Oil spills are not only disasters created by large gas station companies such as Exxon or BP. These spills also occur from everyday cars, trains and recreational boats.
QualiTech Environmental, a Chaska based company, builds products and works to make sure that even the smallest of spills are contained and taken out of environments around the world. To show off its products and its crew’s oil spill response skills, the company held a public demonstration in Carver on Wednesday, Aug. 31.
“We’ve been in business since 1967 and we’ve been in the spill business since the 80s,” QualiTech Environmental Operations Manager Josh Clifford said. “This whole team was on the spill in Cushing, Oklahoma, about a million gallons, last month. We’ve been in Illinois on a spill back in June. We’ve been on the biggest ship salvage in the U.S. that finished up a few months ago. We don’t typically do gas station spills; we do a couple gallons if it goes into a complex setup.”
According to Cliford, the crew has “been to all the biggest oil spills you’ve seen on the news,” such as Exxon Valdez, BP, Athos and more. In order to keep their oil spill response skills sharp, regular training and demonstrations are conducted.
“This is the best way to get to know the faces of the people. When you show up in the middle of the night on Thanksgiving to an incident, which is typically the way it goes, it can be mass chaos,” Clifford said. “To do it in a calm setting, when you don’t have oil spilling and something up in flames, you can show up and review how to do it.”

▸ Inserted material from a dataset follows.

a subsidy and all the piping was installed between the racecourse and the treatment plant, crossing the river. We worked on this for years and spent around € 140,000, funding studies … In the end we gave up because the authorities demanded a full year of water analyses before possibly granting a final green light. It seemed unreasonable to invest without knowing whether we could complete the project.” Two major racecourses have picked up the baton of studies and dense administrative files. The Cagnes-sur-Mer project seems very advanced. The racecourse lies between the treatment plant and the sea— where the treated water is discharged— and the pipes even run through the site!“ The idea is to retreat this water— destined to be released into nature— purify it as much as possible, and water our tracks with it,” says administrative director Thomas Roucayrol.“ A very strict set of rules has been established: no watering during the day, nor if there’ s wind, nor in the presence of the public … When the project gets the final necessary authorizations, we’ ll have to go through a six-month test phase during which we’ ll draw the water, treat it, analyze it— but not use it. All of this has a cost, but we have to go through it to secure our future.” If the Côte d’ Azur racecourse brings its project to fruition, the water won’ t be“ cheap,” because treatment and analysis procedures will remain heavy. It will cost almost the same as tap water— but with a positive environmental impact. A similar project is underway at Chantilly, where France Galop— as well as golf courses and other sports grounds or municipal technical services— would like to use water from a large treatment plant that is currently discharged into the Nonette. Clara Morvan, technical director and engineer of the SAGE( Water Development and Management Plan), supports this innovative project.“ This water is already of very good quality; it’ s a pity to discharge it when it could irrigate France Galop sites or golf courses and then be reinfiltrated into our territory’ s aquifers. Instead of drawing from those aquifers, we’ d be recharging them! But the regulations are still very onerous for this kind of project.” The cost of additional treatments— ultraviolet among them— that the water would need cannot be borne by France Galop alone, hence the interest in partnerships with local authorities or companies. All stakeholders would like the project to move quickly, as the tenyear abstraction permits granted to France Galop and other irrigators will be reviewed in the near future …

In partnership with Marine Spill Response Corporation (MSRC) and Union Pacific, the training/demonstration challenged the workers to contain a theoretical train derailment that caused a small oil spill. The crew used a boom, a closed cell foam log, to make a V shape for the product to collect in.
“This was just a simple diversion,” said Nathan Nowakowski, MSRC’s interior coordinator to the West Great Lakes. “You would divert the product to the corner and then you’d run hoses and pumps to a vacuum truck that would suck in the product and then you would offload it into a big frac tank.”
Boom configurations can vary based on environment. If the current is too fast and the incorrect configuration with the boom is made, the product can seep under and come out the other side. There are many different types of boom systems made out of slightly different materials.
“We like to keep as many tools in our toolbox to show up, assess the situation and then decide what piece of equipment is going to be best,” Clifford said. “But this is kind of a basic tool in the toolbox.”
Prior to the training, the Minnesota River area in Carver had been scoped out and Google Maps was utilized to plan.
“You can put a plan on paper, and then when you come out and look at it, it won’t actually work. That happened today,” Nowakowski said.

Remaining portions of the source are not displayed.